Data items
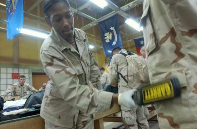 | Keywords: US Navy 050301-N-6027E-002 Culinary Specialist 2nd Class Carrie Lord of Raleigh, N.C., performs a customs inspection on a U.S. Army Soldier at Camp Doha, Kuwait.jpg en Camp Doha Kuwait Mar 1 2005 - Culinary Specialist 2nd Class Carrie Lord of Raleigh N C performs a customs inspection on a U S Army Soldier at Camp Doha Kuwait Petty Officer Lord is a recalled Navy reservist assigned to Naval Expeditionary Logistics Support Force NAVELSF Forward Oscar Bravo Company Forward Oscar recently relieved the U S Air Force's 887th Expeditionary Security Forces Squadron NAVELSF is performing the customs mission for the U S Army throughout Kuwait and Iraq U S Navy photo by Chief Journalist Kevin Elliott RELEASED 2005-03-01 050301-N-6027E-002 Navy http //www navy mil/view_image asp id 22354 U S Navy photo by Chief Journalist Kevin Elliott PD-USGov-Military-Navy Camp Doha Culinary specialist United States Navy |
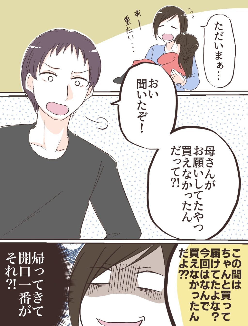 疲れて眠ってしまったリナを抱きかかえながら、やっとの思いで家に帰ってきた私。すると、不満げな表情のタイキがずかずかと玄関にやってきて「聞いたぞ!母さんがお願いしてたやつ買えなかったんだって?なんで今回は買えなかったんだよ!?」と私を責め立てました。帰ってきて開口一番がそれって・・・。
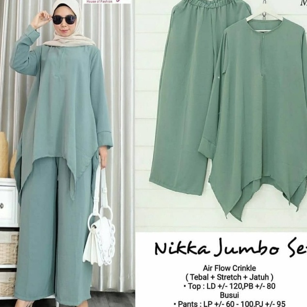 Detail NIKA ONE SET/SETELAN WANITA JUMBO KEKINIAN/SETELAN CRINKLE AIRFLOW
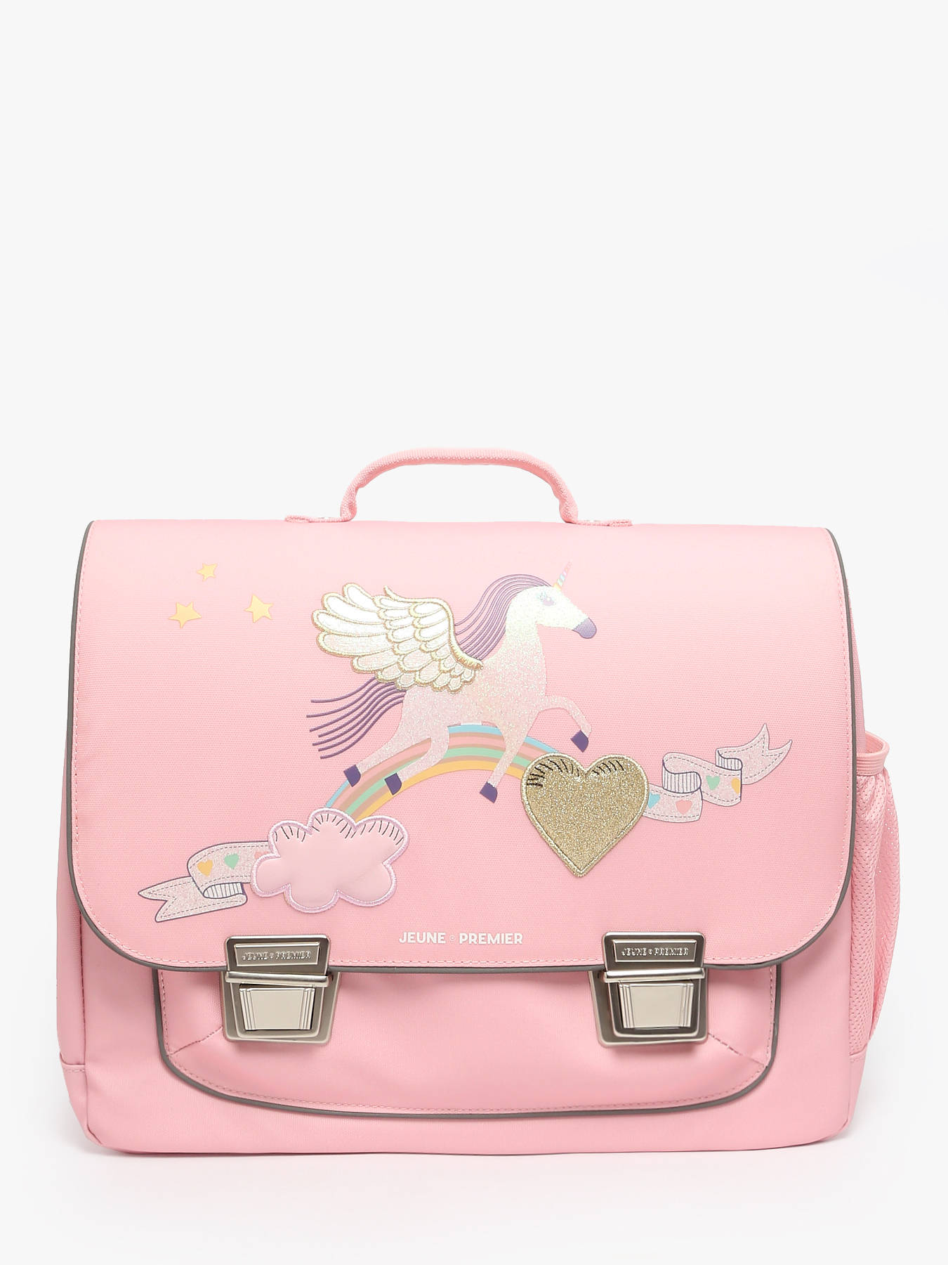 38 cm - 17.1 litres - 1.1 kg ~ Ce cartable JEUNE PREMIER à 2 compartiments est idéal pour les enfants de 6 à 8 ans, filles comme garçons. Fabriqué en polyester robuste, il accompagne les journées d’école avec confort et fonctionnalité. À l’extérieur, il dispose d’une poche avant pratique, d’une poche latérale pour gourde ou petit objet, et se ferme facilement grâce à un rabat équipé d’un fermoir sécurisé. Les bretelles réglables et la poignée assurent un port ergonomique, au dos ou à la main. L’intérieur se compose de deux compartiments spacieux, d’une poche zippée et peut accueillir un dossier A4, un cahier 24x32 cm et un classeur A4.
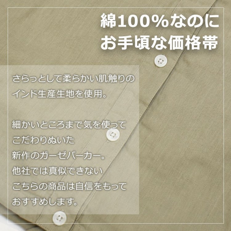 コットン 綿100% ガーゼ ダブルガーゼ Wガーゼ パーカー UVカット 羽織 農家 農業 ガーデニング 通気性 涼しい 肌触りが良い インド綿

EXERCISE DESCRIPTION | Once the pictures are set aside, repeat the data above exactly as written.

FINISHED TASK |
 | Keywords: US Navy 050301-N-6027E-002 Culinary Specialist 2nd Class Carrie Lord of Raleigh, N.C., performs a customs inspection on a U.S. Army Soldier at Camp Doha, Kuwait.jpg en Camp Doha Kuwait Mar 1 2005 - Culinary Specialist 2nd Class Carrie Lord of Raleigh N C performs a customs inspection on a U S Army Soldier at Camp Doha Kuwait Petty Officer Lord is a recalled Navy reservist assigned to Naval Expeditionary Logistics Support Force NAVELSF Forward Oscar Bravo Company Forward Oscar recently relieved the U S Air Force's 887th Expeditionary Security Forces Squadron NAVELSF is performing the customs mission for the U S Army throughout Kuwait and Iraq U S Navy photo by Chief Journalist Kevin Elliott RELEASED 2005-03-01 050301-N-6027E-002 Navy http //www navy mil/view_image asp id 22354 U S Navy photo by Chief Journalist Kevin Elliott PD-USGov-Military-Navy Camp Doha Culinary specialist United States Navy |
 疲れて眠ってしまったリナを抱きかかえながら、やっとの思いで家に帰ってきた私。すると、不満げな表情のタイキがずかずかと玄関にやってきて「聞いたぞ!母さんがお願いしてたやつ買えなかったんだって?なんで今回は買えなかったんだよ!?」と私を責め立てました。帰ってきて開口一番がそれって・・・。
 Detail NIKA ONE SET/SETELAN WANITA JUMBO KEKINIAN/SETELAN CRINKLE AIRFLOW
 38 cm - 17.1 litres - 1.1 kg ~ Ce cartable JEUNE PREMIER à 2 compartiments est idéal pour les enfants de 6 à 8 ans, filles comme garçons. Fabriqué en polyester robuste, il accompagne les journées d’école avec confort et fonctionnalité. À l’extérieur, il dispose d’une poche avant pratique, d’une poche latérale pour gourde ou petit objet, et se ferme facilement grâce à un rabat équipé d’un fermoir sécurisé. Les bretelles réglables et la poignée assurent un port ergonomique, au dos ou à la main. L’intérieur se compose de deux compartiments spacieux, d’une poche zippée et peut accueillir un dossier A4, un cahier 24x32 cm et un classeur A4.
 コットン 綿100% ガーゼ ダブルガーゼ Wガーゼ パーカー UVカット 羽織 農家 農業 ガーデニング 通気性 涼しい 肌触りが良い インド綿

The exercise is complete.